The sum to infinity is the sum of all terms of an infinite geometric sequence. It's a powerful concept because it allows us to find a finite value for a seemingly infinite addition. For a geometric series to converge (sum to a finite value), the absolute value of the common ratio must be less than 1.

• The sum to infinity of a geometric series is calculated using the formula: \[S_{\infty} = \frac{a_1}{1 - r}\]
• Here, \(a_1\) is the first term and \(r\) is the common ratio.

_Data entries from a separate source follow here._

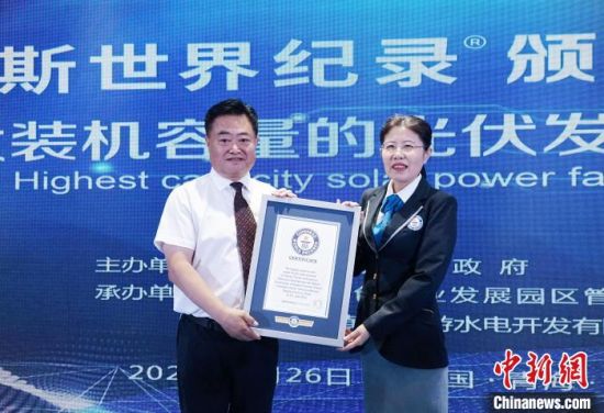 中新网青海海南6月26日电(祁增蓓)26日,青海省两项“绿电”项目——海南藏族自治州生态光伏园区与龙羊峡水光互补发电站获得吉尼斯世界纪录认证,成为世界最大装机容量的光伏发电园区和世界最大装机容量的水光互补发电站。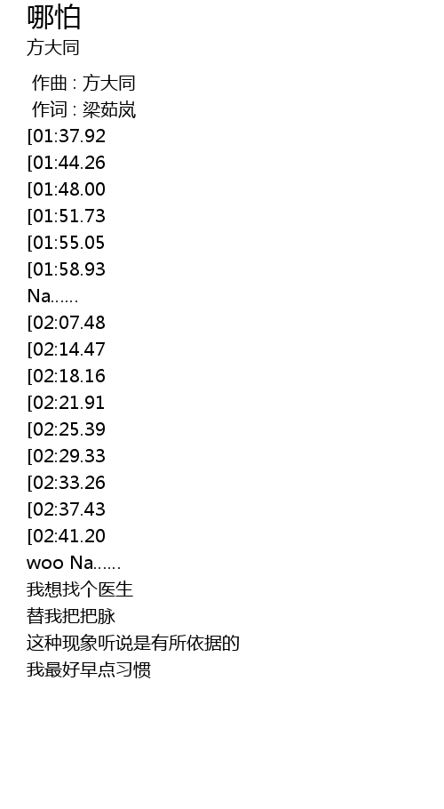 | [01:26.01][02:41.20][03:48.95] | nǎ pà nǐ jué de wǒ bù jìn rén qíng |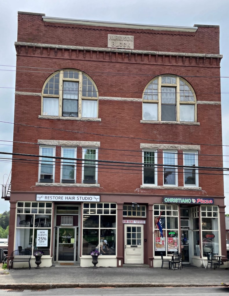 One of the few historic commercial buildings in Hopedale Village is this Romanesque Revival style example on Hopedale Street which, like so many other buildings in the village, was largely funded by members of the Draper Family. The commercial block was built in 1889 by Gen. William F. Draper and named in honor of President Benjamin Harrison, 23rd president of the United States, as a multi-use building, containing a drug store, a retail, a club house on the second floor, a storage and cobbler at the rear of the building in the basement, and a lodge on the third floor for large meetings. Less ornate than many other buildings in town built for the Draper’s, all decorative features on the Harrison Block are confined to the façade. With original storefronts of wood and glass display windows at the ground floor, tripartite windows at the second floor, and large, round-arched windows at the third floor, evoking the Romanesque style of the Town Hall (also funded by the Draper Family) nearby.

In the original solution, the sum to infinity of the geometric series was calculated as 2, showing how you can obtain a finite sum from an infinite series. These kinds of sums are particularly useful in calculus and series analysis, where understanding behavior at infinity is essential.

Infinite Series

An infinite series is the sum of the terms of an infinite sequence. In this context, the exercise involves an arithmetic-geometric series, where each term is a product of the corresponding terms of an arithmetic sequence and a geometric sequence.

• The series in question can be expressed as: \[S = \sum_{n=1}^{\infty} (2n-1) \times \frac{1}{2^{n}}\]
• Handling infinite series often requires advanced techniques like differentiation and integration, along with standard formulas.

In evaluation and solutions, infinite series often appear, requiring manipulation such as differentiating and then substituting particular values, as shown in the problem's differentiation step. It opens up possibilities for calculating long-term behavior in various fields, such as physics and finance.